Fear of being sued or pilloried in the media is forcing many psychiatrists to take the safe treatment option - even if it is not necessarily the best for the patient.
A study has found that three out of four psychiatrists practised so-called defensive medicine in the month prior to being questioned.
Perhaps unsurprisingly it was junior doctors who were most likely to be over-cautious. But some psychiatrists admitted that previous experience of complaints had left them determined to avoid legal action or criticism from the media. Defensive medicine is the practice of opting for treatments, tests and procedures with the primary intention of protecting the doctor from criticism, rather than diagnosing or treating the patient. Recent action Researchers received completed questionnaires from 96 psychiatrists practising in the north of England. These included consultants, non-consultant grades and trainees. Of these 71 had taken defensive action within the past month. Twenty-one percent had admitted patients overcautiously and 29% had placed patients on higher levels of observations. The researchers, from the Learning Disability Service in Stockton and the University of East Anglia, warned the results suggested defensive medicine was even more likely in other branches of medicine, as psychiatry is regarded as a low risk specialty. They argue that better and more structured training might reduce the high level of defensive practice. They also call for reform of the way complaints are dealt with. Apportioning blame is often not as important as learning from past experience, they say.
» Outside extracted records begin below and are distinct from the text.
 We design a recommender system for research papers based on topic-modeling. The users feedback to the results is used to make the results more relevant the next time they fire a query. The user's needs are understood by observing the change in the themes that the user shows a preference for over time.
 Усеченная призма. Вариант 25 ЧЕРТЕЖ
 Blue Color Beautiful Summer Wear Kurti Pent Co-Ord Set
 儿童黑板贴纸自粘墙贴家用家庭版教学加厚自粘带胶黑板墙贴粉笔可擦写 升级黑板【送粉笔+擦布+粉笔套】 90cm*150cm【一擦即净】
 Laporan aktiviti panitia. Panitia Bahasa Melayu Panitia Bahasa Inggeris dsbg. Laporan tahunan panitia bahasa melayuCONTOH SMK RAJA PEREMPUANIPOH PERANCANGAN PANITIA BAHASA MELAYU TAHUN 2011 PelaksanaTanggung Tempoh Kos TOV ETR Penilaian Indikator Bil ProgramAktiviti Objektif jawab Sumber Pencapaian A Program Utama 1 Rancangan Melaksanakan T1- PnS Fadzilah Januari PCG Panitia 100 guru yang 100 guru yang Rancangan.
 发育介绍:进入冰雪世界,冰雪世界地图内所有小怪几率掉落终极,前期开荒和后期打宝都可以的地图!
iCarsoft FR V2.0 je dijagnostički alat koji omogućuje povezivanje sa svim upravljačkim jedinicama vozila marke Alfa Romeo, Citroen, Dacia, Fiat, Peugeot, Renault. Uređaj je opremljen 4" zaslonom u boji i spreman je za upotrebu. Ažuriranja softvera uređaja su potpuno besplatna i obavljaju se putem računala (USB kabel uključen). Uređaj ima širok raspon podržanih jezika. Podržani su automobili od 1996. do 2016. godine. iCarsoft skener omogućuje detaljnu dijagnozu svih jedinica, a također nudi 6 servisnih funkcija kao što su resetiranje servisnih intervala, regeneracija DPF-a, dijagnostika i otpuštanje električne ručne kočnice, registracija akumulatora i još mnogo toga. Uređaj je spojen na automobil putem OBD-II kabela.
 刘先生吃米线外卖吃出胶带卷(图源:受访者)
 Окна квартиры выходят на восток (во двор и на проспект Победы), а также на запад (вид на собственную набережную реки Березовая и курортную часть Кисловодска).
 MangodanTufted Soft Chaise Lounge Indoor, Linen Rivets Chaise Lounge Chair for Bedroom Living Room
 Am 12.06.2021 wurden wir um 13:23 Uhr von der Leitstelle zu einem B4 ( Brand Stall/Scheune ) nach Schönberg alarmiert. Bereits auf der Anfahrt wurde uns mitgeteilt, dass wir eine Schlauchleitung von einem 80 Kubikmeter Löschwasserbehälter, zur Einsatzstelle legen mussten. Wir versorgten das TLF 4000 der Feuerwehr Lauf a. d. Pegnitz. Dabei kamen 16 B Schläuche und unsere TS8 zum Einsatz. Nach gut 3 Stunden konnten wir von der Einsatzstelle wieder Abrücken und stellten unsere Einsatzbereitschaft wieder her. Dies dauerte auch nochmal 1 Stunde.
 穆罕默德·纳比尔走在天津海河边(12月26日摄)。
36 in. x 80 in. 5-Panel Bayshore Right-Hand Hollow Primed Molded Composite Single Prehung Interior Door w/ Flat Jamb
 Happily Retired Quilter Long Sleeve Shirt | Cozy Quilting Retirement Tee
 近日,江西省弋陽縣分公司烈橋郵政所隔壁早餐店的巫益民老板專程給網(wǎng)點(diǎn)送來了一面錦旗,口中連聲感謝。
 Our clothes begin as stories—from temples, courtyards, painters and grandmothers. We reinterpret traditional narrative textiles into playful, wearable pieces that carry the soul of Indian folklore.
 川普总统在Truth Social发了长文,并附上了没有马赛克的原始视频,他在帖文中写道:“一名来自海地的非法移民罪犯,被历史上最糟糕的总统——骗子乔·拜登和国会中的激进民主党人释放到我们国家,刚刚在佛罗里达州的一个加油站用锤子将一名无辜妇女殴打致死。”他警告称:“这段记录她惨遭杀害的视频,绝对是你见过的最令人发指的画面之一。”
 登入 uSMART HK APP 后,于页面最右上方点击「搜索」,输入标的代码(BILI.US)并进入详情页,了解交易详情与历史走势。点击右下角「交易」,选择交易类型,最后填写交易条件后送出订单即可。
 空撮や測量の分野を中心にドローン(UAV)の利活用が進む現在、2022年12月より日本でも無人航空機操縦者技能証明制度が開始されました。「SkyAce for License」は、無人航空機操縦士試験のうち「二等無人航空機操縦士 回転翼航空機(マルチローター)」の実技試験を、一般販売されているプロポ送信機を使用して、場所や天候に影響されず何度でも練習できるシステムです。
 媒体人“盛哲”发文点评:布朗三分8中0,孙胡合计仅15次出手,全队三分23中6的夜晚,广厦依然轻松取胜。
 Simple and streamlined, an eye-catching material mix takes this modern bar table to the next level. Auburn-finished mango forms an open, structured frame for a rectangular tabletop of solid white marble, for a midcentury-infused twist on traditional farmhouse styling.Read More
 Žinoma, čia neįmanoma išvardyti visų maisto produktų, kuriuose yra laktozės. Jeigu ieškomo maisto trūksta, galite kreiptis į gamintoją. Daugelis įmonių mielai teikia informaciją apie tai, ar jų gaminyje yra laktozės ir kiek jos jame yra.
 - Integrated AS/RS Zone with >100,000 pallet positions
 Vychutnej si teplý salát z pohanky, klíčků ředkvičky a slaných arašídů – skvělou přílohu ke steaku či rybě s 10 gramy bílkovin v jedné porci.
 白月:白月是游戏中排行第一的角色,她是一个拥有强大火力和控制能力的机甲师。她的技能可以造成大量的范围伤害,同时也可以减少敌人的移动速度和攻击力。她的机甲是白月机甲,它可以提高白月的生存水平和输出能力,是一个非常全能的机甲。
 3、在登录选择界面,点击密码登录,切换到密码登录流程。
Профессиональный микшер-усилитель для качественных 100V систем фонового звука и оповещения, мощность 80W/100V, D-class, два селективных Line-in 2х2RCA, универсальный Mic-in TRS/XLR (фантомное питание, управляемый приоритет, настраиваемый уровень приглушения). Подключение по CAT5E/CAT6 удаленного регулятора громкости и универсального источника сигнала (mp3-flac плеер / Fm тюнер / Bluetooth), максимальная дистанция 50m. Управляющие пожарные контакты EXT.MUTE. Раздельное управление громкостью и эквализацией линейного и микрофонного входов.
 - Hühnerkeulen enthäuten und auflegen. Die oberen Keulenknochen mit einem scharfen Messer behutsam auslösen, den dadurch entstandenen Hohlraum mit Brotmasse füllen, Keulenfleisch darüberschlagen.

Profound impact Dr Julian Beezhold, of the Royal College of Psychiatrists, said his colleagues' decisions were prone to come under intense scrutiny, for instance during homicide inquiries when a mentally ill patient has committed murder. "All of medicine has been quite profoundly affected by the need to be aware of the risk of litigation." Dr Beezhold, a specialist registrar at Addenbrooke's Hospital, Cambridge, said defensive medicine might partly explain the rise in compulsory detentions. "There is no obvious reason why that should be so, there has been no increase in the number of people who are mentally ill," he said. "This is almost certainly a tangible response to the risk of litigation. "It is very difficult to see individual cases where detention was not warranted, but if you look at the overall trend once has to wonder if it is the result of the impact of defensive medicine." Dr Beezhold agreed with the researchers that the introduction of a no fault system of compensation for medical injuries would go a long way towards tackling the problem. The research is published in the Postgraduate Medical Journal.